From Mrs. Jessica Stratton-

I wanted to take time and share what amazing kids we have here at PHS and what the Fair and Livestock Show entails for Agriculture these past few weeks. 

Every year my FFA kids (mostly my officers and a few kids that want to participate) help with the horticulture fair entries the thursday before labor day. We meet at the fair building at 6:30 in the morning and check the crops in, dealing with many people in the community. It is a long, intensive day, and our kids are champs. Members of the community made many comments about how they love seeing the FFA/Ag kids there helping with the community. 

This year was the first year we had an Ag barn at the Iron County Fair and I had a couple of my classes (7th graders) make posters about agricultural topics. They hit it out of the park and we were able to display these posters at the fair. Approximately 35000 people go to the fair, which is crazy.
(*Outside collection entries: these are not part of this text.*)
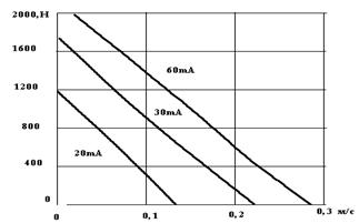 Чтобы получить экспериментальную точку механической характеристики необходимо замерить установившуюся скорость перемещения поршня dy/dt при заданной постоянной нагрузке (усилии сопротивления движению) F o и при заданном положении струйной трубки (или тока в обмотке управления ЭМП) I u. Замеры производятся при постоянном давлении питания привода р z. Замер скорости dy/dt, задание и замер тока управления I u в обмотках ЭМП производится аналогично, как описано в скоростной характеристике. Для создания постоянной нагрузки на штоке привода в схеме предусмотрен пневмодвигатель нагружатель (ПДН). Кинематическая схема соединения ПДН и привода ясна из рисунка. При постоянной установившейся скорости перемещения подвижной системы стенда, усилие развиваемое приводом равно усилию на поршне ПДН. Усилие на поршне ПДН (А пн) определяется давлением р в полости ПДН F o = р А пн Полость ПДН наполняется сжатым воздухом через кран Кр1. Стравливая воздух через кран Кр2, можно выставить заданное давление в полости ПДН. При перемещении поршня ПДН изменяется внутренний объем полости ПДН. Для обеспечения постоянства давления р с заданной точностью в схеме предусмотрена дополнительная емкость V б. Для объема состоящего из емкости баллона V б, и емкости полости ПДН 2 А пн y max можно записать для крайних положений поршня двигателя нагружателя на основании уравнения состояния для изотермического процесса F o (2 А пн y max + V б ) = p н2 V б. После несложных преобразований получаем p н2/ p н1 = 1 + (2 А пн y max)/ V б . Для постоянства усилия F o необходимо обеспечить постоянство давления p н . Из приведенного уравнения можно определить погрешность, вносимую правым слагаемым (2 А пн y max)/ V б → 0. Она должна быть минимальной. Для снятия характеристики в другом квадранте необходимо переключить полости ПДН.
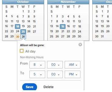 Currently, the PTO calendar works on hourly increments, however, the delegation option works in full-day increments only.
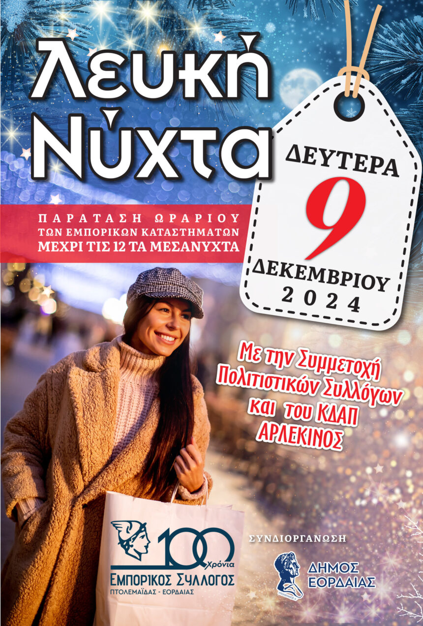 Ο Εμπορικός Σύλλογος Πτολεμαΐδας - Εορδαίας προσκαλεί όλους τους καταναλωτές, τους εργαζόμενους και τους εμπόρους στη διεξαγωγή της Λευκής Νύχτας 2024, η οποία θα πραγματοποιηθεί τη Δευτέρα 9 Δεκεμβρίου και…
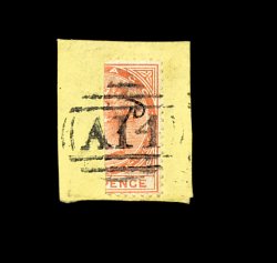 731 O imageS.G. #7, 1880 "1d" manuscript surcharge on half of 6p Orange, tied to piece by full strike of "A14" cancel, rich bright color, very fine and attractive; 1969 BPA certificate (Scott #7; $880.00). (Image) £750
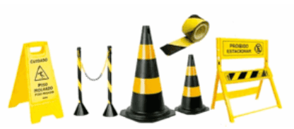 Sinalização de segurança: Placas, faixas e dispositivos luminosos que alertam sobre riscos específicos, áreas restritas e procedimentos obrigatórios.
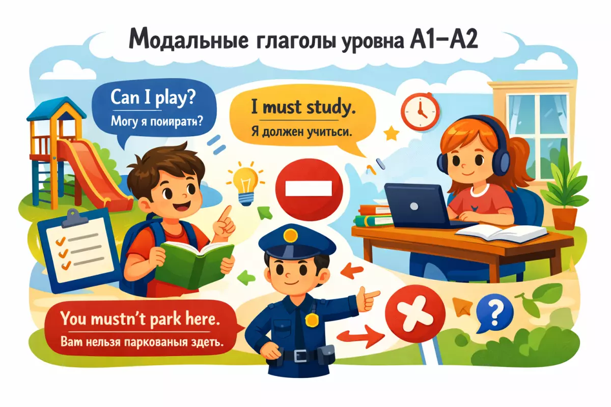 Модальные глаголы для уровней A1–A2 только сначала кажутся сложными, но именно они помогают быстро начать говорить о просьбах, возможностях, обязанностях и советах. В этом материале мы разберём их простыми словами, на понятных примерах и без лишней теории, чтобы вы могли легче запомнить основные конструкции и увереннее использовать их в речи уже с первых шагов изучения английского языка.
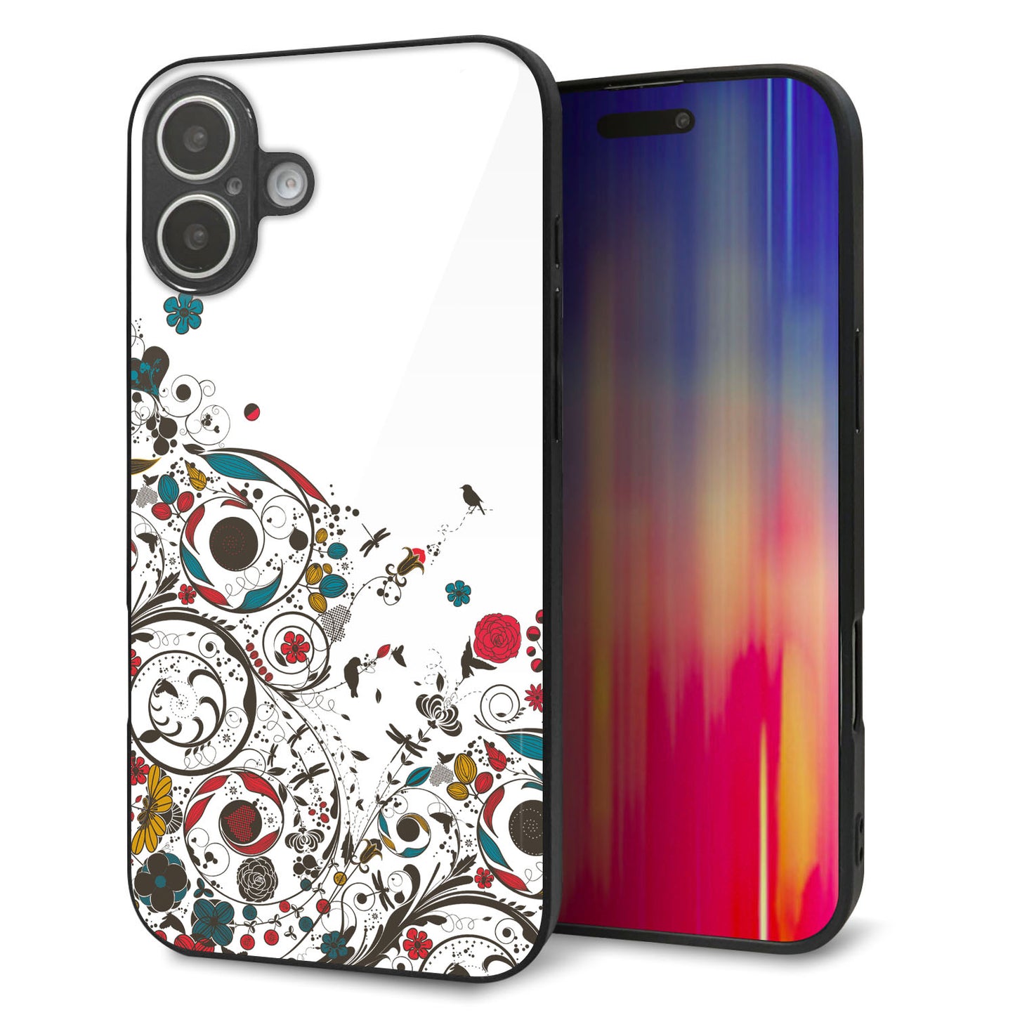 iPhone16 Plus 強化ガラス&TPUスマホケース ガラプリ【EK908 カラフルな花と鳥】

The Livestock Show. For those of you who don't know, this is like State for kids who show animals. They get their animals (sheep, goat, pigs) in April/May (steers are earlier because they take longer to grow) and they work with their animals ALL summer. Walking them. Feeding them correct rations. Hoping that they make weight for the show. They get one weekend, three "game days" to show off all their hard work if their animal made weight. If it didn't make weight, they're out of luck and they learn a lesson on life. This years stockshow was a winner. Let me share some stats. 

  • 5 kids from our school/Parowan area showed Goats and made $6100 all together. One of the kids was 8th overall out of 60 goats. 
  • Kodie Stowell showed two steers and raked in a whopping $11,400. ONe of her steers was Grand Champion and weighed in at 1419 lbs (that's a big steer), her other steer was 11th overall at 1100 lbs (minimum weight, she almost didn't make weight for the show) This was out of47 steers.
  • Lambs are crazy. There were 300 lambs at this show. When I tell you our livestock show is competitive, I mean it. Our kids could take their lambs to other shows and win, no questions asked. 14 of our Parowan kids were able to sell their lambs and made a total of $23,650. 
  • Cale Renzello was first in her class with both lambs and was 5th overall out of the show. That is wild, and she did awesome.
  • Brance Douglas did not make weight with his lamb, but he still was able to show for showmanship. This is where the judge focuses primarily on how well the kids can show their animal. I commend him for that. It's so hard when your animal doesn't make weight and you're at a loss. Reese Burton lost her lamb halfway through the summer, and she was devastated. Again, it's a hard life when all your hard work is stopped short. 
  • Pigs - Kaisley Isaacson was 4th overall. We had 20 kids from Parowan show pigs out of 82 that sold. Together those kids made $48,250.

I know this email is lengthy, but if you see a stockshow kid, ask them about their weekend. They worked so hard. All together, the kids from Parowan made a total of $89,400. I don't know of a better way for kids to earn money but with a project that they see from beginning to the end. They earned every dollar.